------ ENTRIES PROVIDED ------

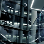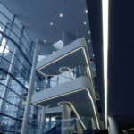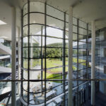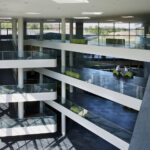 A 9 irodai szárny legyezőszerűen veszi körül az üvegezett előcsarnokot. A hatalmas alapterületet befogadó épület osztott alaprajzi kialakítása révén szerves kapcsolatban áll a környező természettel. Az épületszárnyak egy-egy szintjén 50-60 fős irodaegységek (unitok) működnek, nyitott tereik, a zöld környezettel kapcsolatot tartó hatalmas üvegfelületeik flexibilis és emberléptékű munkakörnyezetet biztosítanak. A unitokon belül kialakított zárt tárgyalók lehetőséget adnak az intim munkavégzésre. A többszintes, a környező zöldterület felé teljes magasságában, több irányban üvegfalakkal nyíló előcsarnok az iroda szellemiségének elengedhetetlen részét, az intenzív közösségi életet szolgálja. A unitok összeköttetését a nyitott központi előcsarnokon keresztül a közlekedők dinamikusan kanyargó fehér szalagjai biztosítják. Változatos belsőépítészeti kialakítású tereik további lehetőséget kínálnak a kommunikációra. Az épület az építészet társ-szakmáiat is bevonja a humanizált munkahelyi környezet kialakításába: közösségi tereiben és környezetében kiemelt szerephez jutott a kortárs képzőművészet, tájba ágyazottságának köszönhetően pedig a természet közeli munkahely fogalma valódi értelmet nyert.
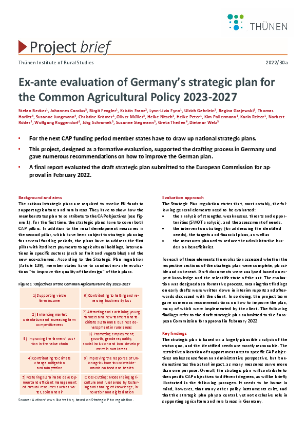 Ex-ante-Bewertung des deutschen Strategieplans für die Gemeinsame Agrarpolitik 2023-2027
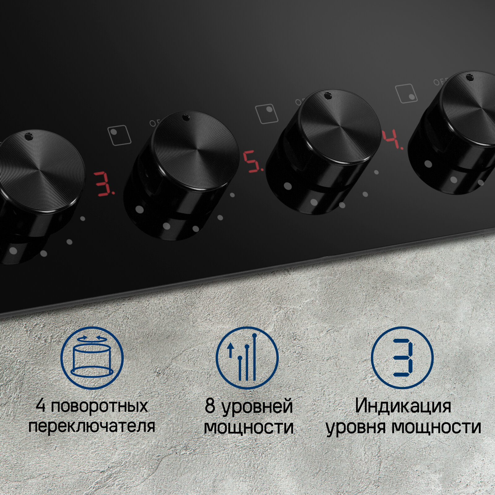Электрическая варочная панель MAUNFELD CVCE594MBK2, 6000 Вт, 8 уровней мощности, черная информация:
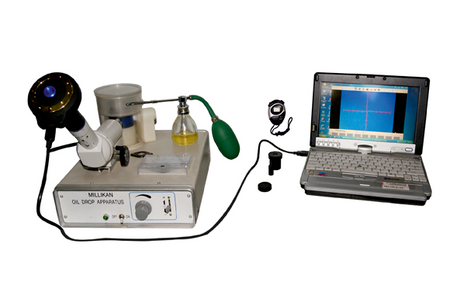 Compact apparatus for demonstrating the discrete nature (quantization) of electric charge and for determining the elementary charge of an electron. Comprising an experiment chamber kit for assembly with plate capacitor and oil atomizer, lighting unit with LED, measuring microscope, voltage adjustment knob and switch to set the capacitor voltage.
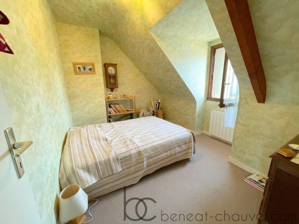 A l’étage : palier, trois chambres, salle d’eau-W.C. Garage. Jardin clos et arboré de 440 m².
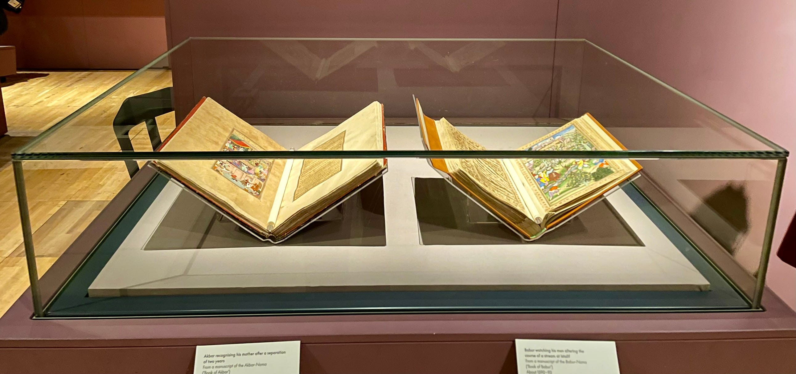 I’m going to profess very little knowledge of the art of the Mughal courts and that’s fine, that, after all, is the point of visiting exhibitions and learning about new things. The golden age of Mughal Art is described as being 1580-1650, it starts under Akbar who commissioned many workshops to create lavish artworks. One of the most important was the House of Books where illuminated Mughal Manuscripts were produced, several books with water colour illustrations are on display detailing well know literature and current events.
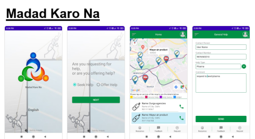 Madad Karo Na is a mobile application that uses GPS location to identify help seekers and helpers in the same geographical area. Help seekers can put in a request for different categories of help which can be responded to by people who are willing to offer help.
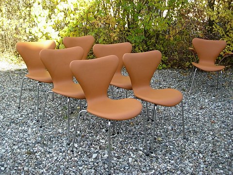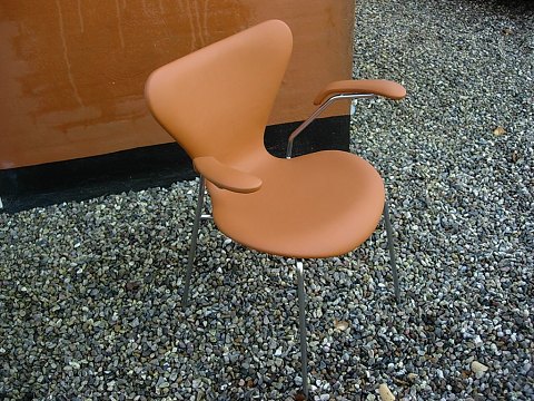 Arne Jacobsen 7´er stol model 3107 med armlæn i Lyse brunt skind
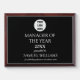 Manager of the year award. Modern, elegant, black and white, company logo, employee recognition award plaque. Perfect for employee.
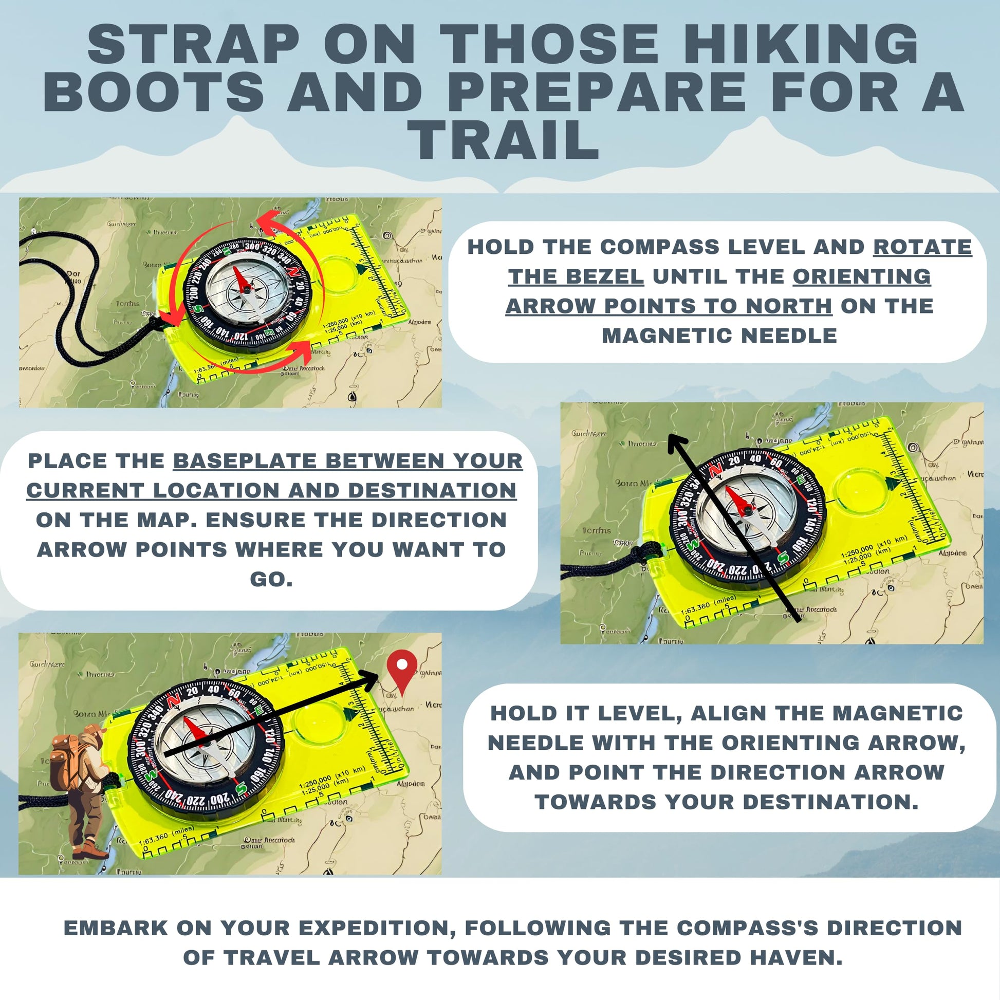 - IMPRESSIVE FEATURES: Both Compasses come with a non-magnetic Acrylic Baseplate to not intwith the magnetic needle, and have the best accuracy. The needle is placed in a bubble that allow the needle to have a quick 360 degrees rotation helping us to have a accurate and fast reading of the direccion the we have to take. Its differents Ruler Scales help the hiker to read the map more accurate. It also has a Magnifying Glass that help us to read geological maps and small details of the map.
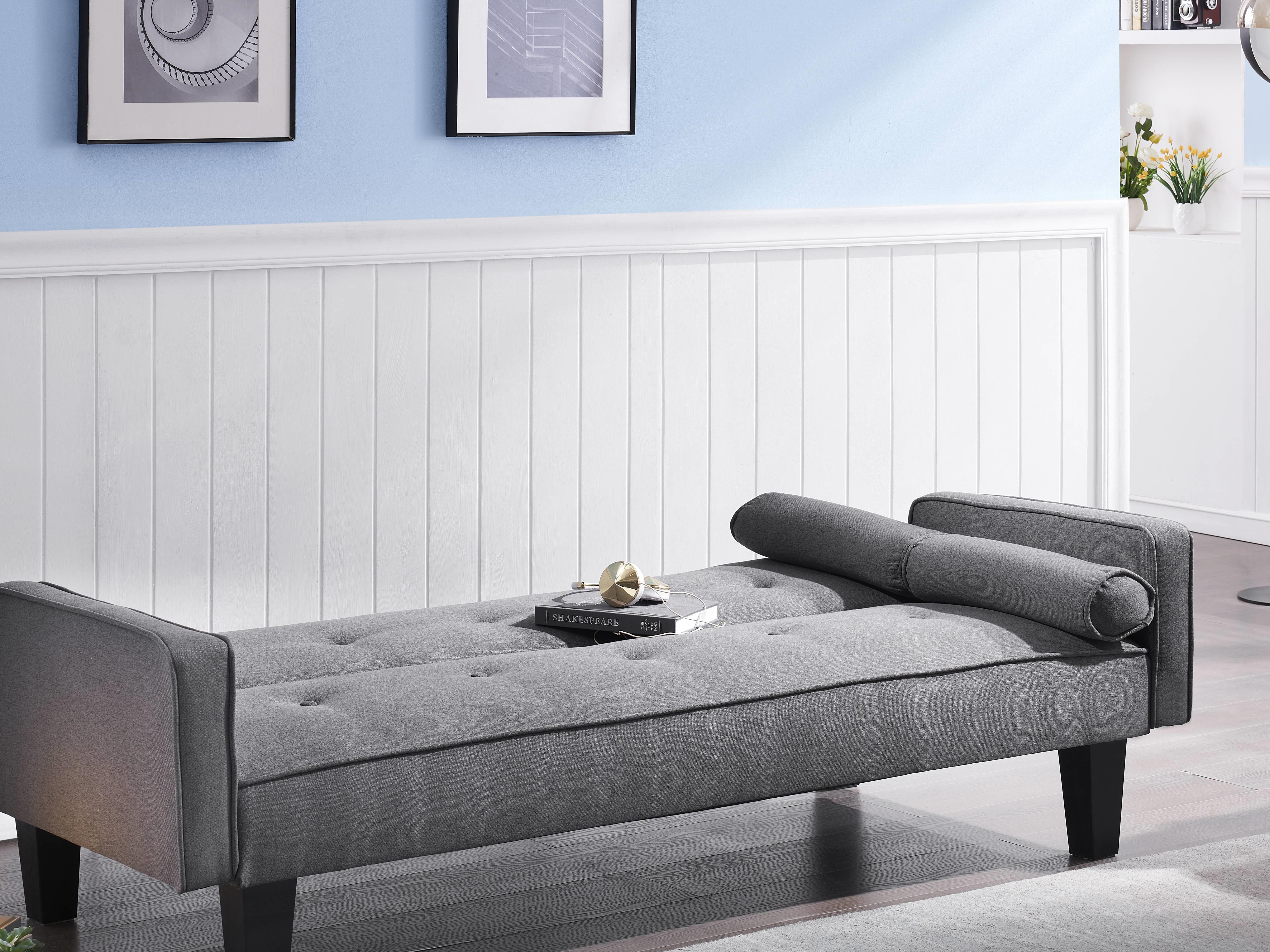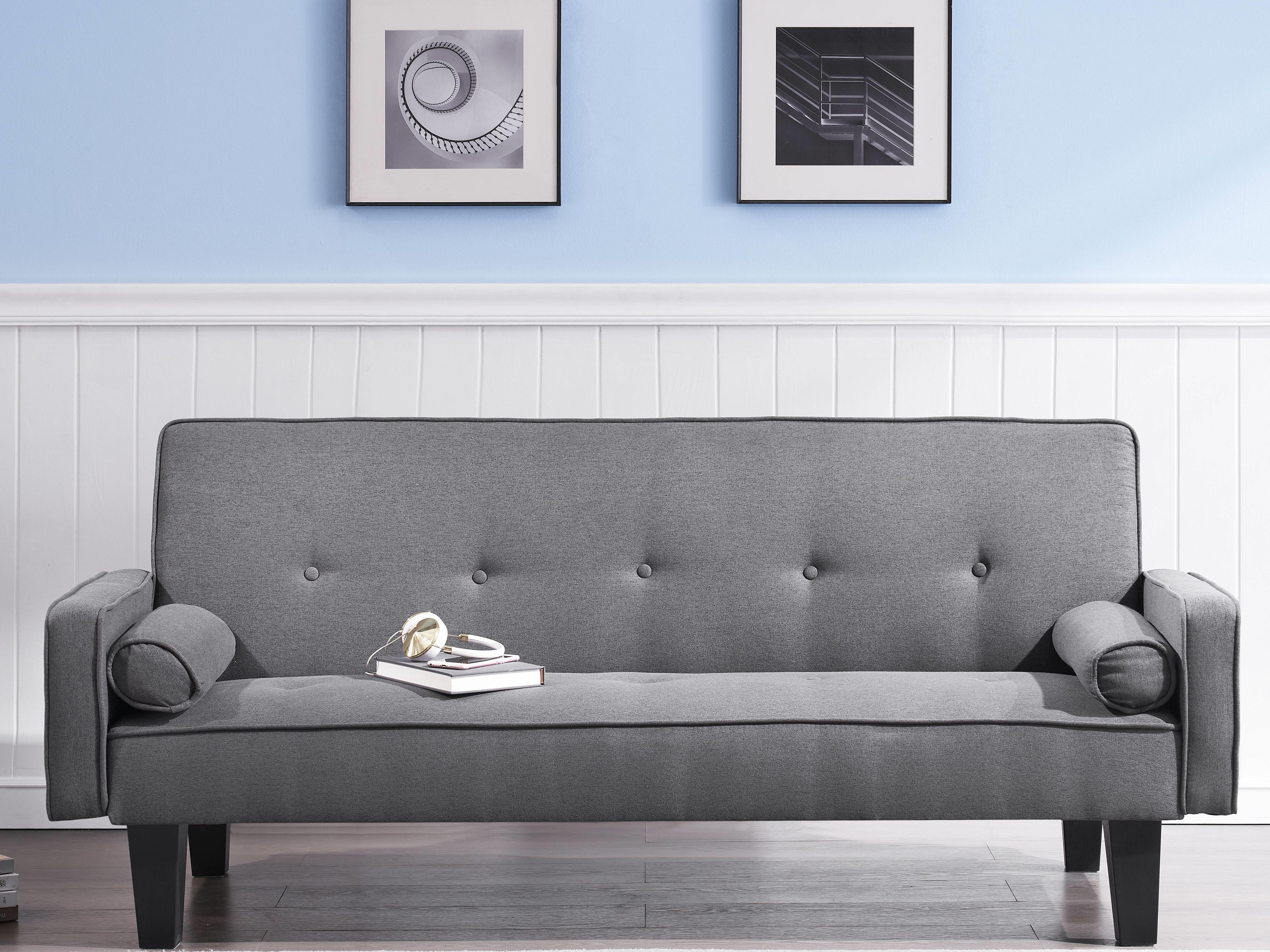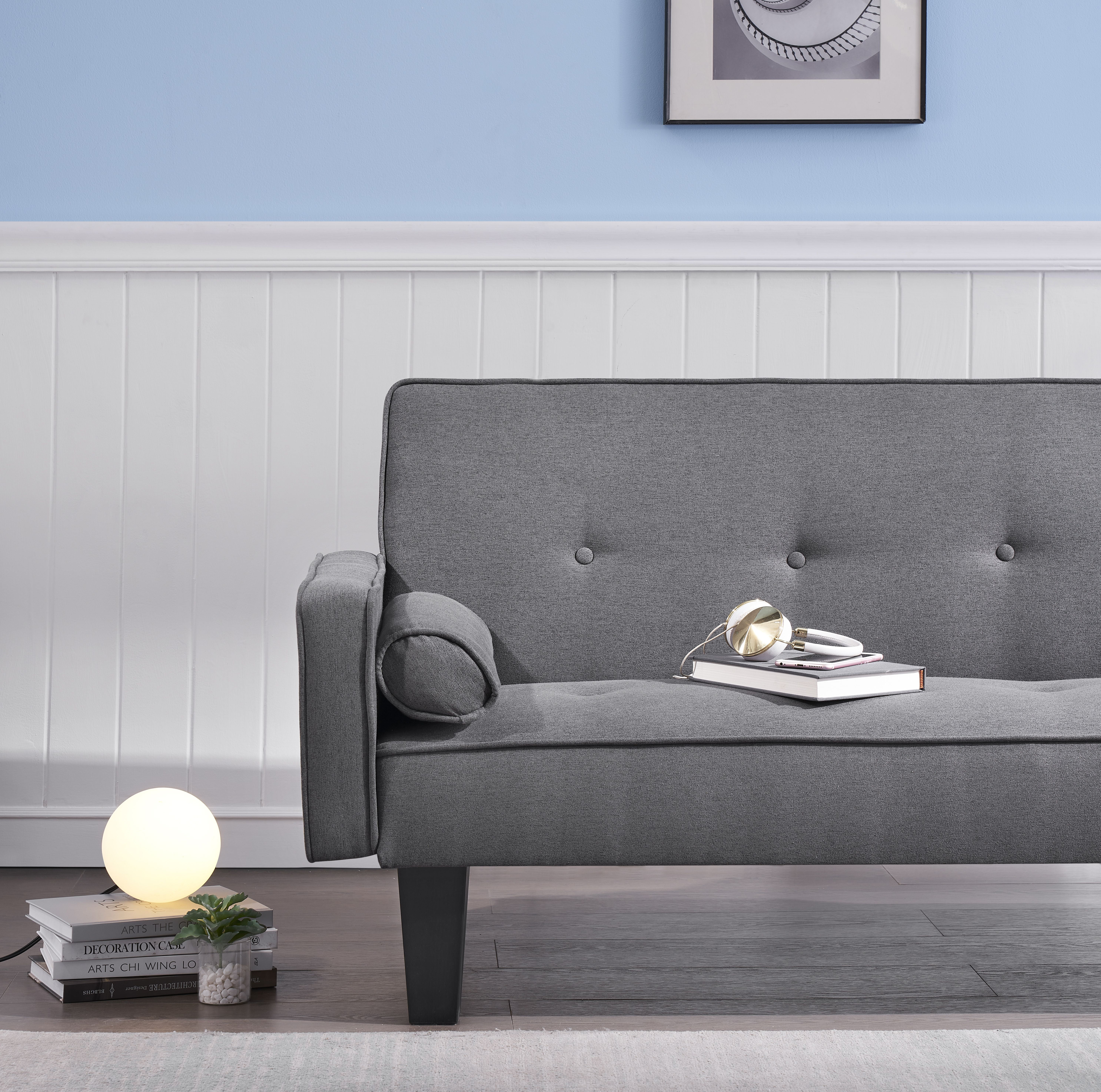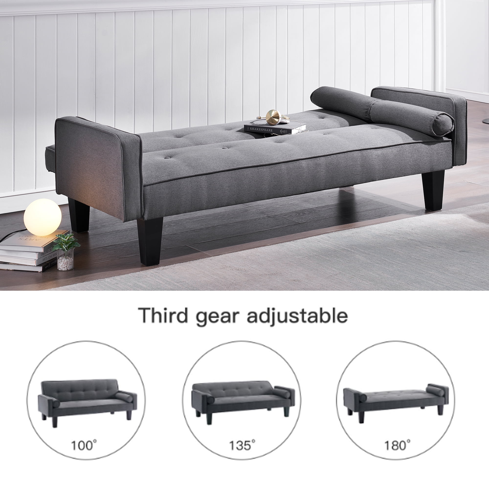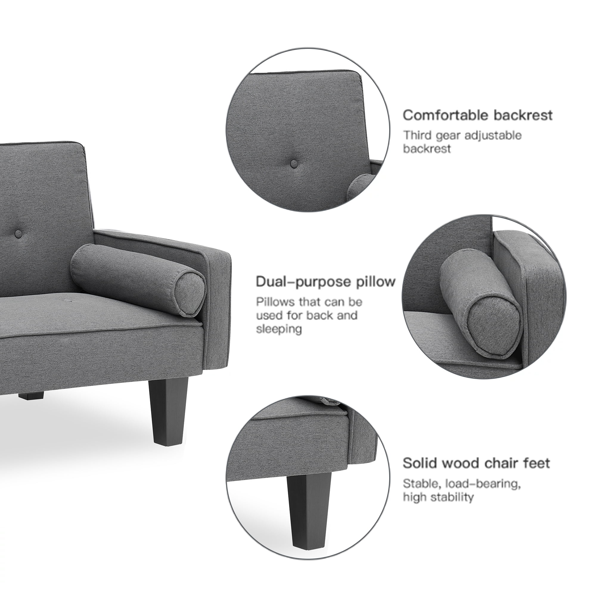 Sofa Convertible into Sofa Bed Includes Two Pillows 72″ Dark Grey Cotton Linen Sofa Bed for Family Living Room 1.This product adopts modern and simple style to give the living room due surprise. 2.This modern casual sofa can be integrated into a variety of styles and is suitable for all interior designs. 3.Solid wood frame,high-quality fabric,three gears adjustable,can sit or lie down.Easy to install. 4.This heavy duty sofa is built of a robust frame.Comes with 2 detachable armrests on both sides,the futon couch is made of premium linen upholstered.bearing up to 600 LBS each seat.Sturdy and Durable for Daily Use.

------

PROMPT: Send back the data above verbatim, leaving out its pictures.

ANSWER SPACE:
 A 9 irodai szárny legyezőszerűen veszi körül az üvegezett előcsarnokot. A hatalmas alapterületet befogadó épület osztott alaprajzi kialakítása révén szerves kapcsolatban áll a környező természettel. Az épületszárnyak egy-egy szintjén 50-60 fős irodaegységek (unitok) működnek, nyitott tereik, a zöld környezettel kapcsolatot tartó hatalmas üvegfelületeik flexibilis és emberléptékű munkakörnyezetet biztosítanak. A unitokon belül kialakított zárt tárgyalók lehetőséget adnak az intim munkavégzésre. A többszintes, a környező zöldterület felé teljes magasságában, több irányban üvegfalakkal nyíló előcsarnok az iroda szellemiségének elengedhetetlen részét, az intenzív közösségi életet szolgálja. A unitok összeköttetését a nyitott központi előcsarnokon keresztül a közlekedők dinamikusan kanyargó fehér szalagjai biztosítják. Változatos belsőépítészeti kialakítású tereik további lehetőséget kínálnak a kommunikációra. Az épület az építészet társ-szakmáiat is bevonja a humanizált munkahelyi környezet kialakításába: közösségi tereiben és környezetében kiemelt szerephez jutott a kortárs képzőművészet, tájba ágyazottságának köszönhetően pedig a természet közeli munkahely fogalma valódi értelmet nyert.
 Ex-ante-Bewertung des deutschen Strategieplans für die Gemeinsame Agrarpolitik 2023-2027
Электрическая варочная панель MAUNFELD CVCE594MBK2, 6000 Вт, 8 уровней мощности, черная информация:
 Compact apparatus for demonstrating the discrete nature (quantization) of electric charge and for determining the elementary charge of an electron. Comprising an experiment chamber kit for assembly with plate capacitor and oil atomizer, lighting unit with LED, measuring microscope, voltage adjustment knob and switch to set the capacitor voltage.
 A l’étage : palier, trois chambres, salle d’eau-W.C. Garage. Jardin clos et arboré de 440 m².
 I’m going to profess very little knowledge of the art of the Mughal courts and that’s fine, that, after all, is the point of visiting exhibitions and learning about new things. The golden age of Mughal Art is described as being 1580-1650, it starts under Akbar who commissioned many workshops to create lavish artworks. One of the most important was the House of Books where illuminated Mughal Manuscripts were produced, several books with water colour illustrations are on display detailing well know literature and current events.
 Madad Karo Na is a mobile application that uses GPS location to identify help seekers and helpers in the same geographical area. Help seekers can put in a request for different categories of help which can be responded to by people who are willing to offer help.
 Arne Jacobsen 7´er stol model 3107 med armlæn i Lyse brunt skind
 Manager of the year award. Modern, elegant, black and white, company logo, employee recognition award plaque. Perfect for employee.
 - IMPRESSIVE FEATURES: Both Compasses come with a non-magnetic Acrylic Baseplate to not intwith the magnetic needle, and have the best accuracy. The needle is placed in a bubble that allow the needle to have a quick 360 degrees rotation helping us to have a accurate and fast reading of the direccion the we have to take. Its differents Ruler Scales help the hiker to read the map more accurate. It also has a Magnifying Glass that help us to read geological maps and small details of the map.
 Sofa Convertible into Sofa Bed Includes Two Pillows 72″ Dark Grey Cotton Linen Sofa Bed for Family Living Room 1.This product adopts modern and simple style to give the living room due surprise. 2.This modern casual sofa can be integrated into a variety of styles and is suitable for all interior designs. 3.Solid wood frame,high-quality fabric,three gears adjustable,can sit or lie down.Easy to install. 4.This heavy duty sofa is built of a robust frame.Comes with 2 detachable armrests on both sides,the futon couch is made of premium linen upholstered.bearing up to 600 LBS each seat.Sturdy and Durable for Daily Use.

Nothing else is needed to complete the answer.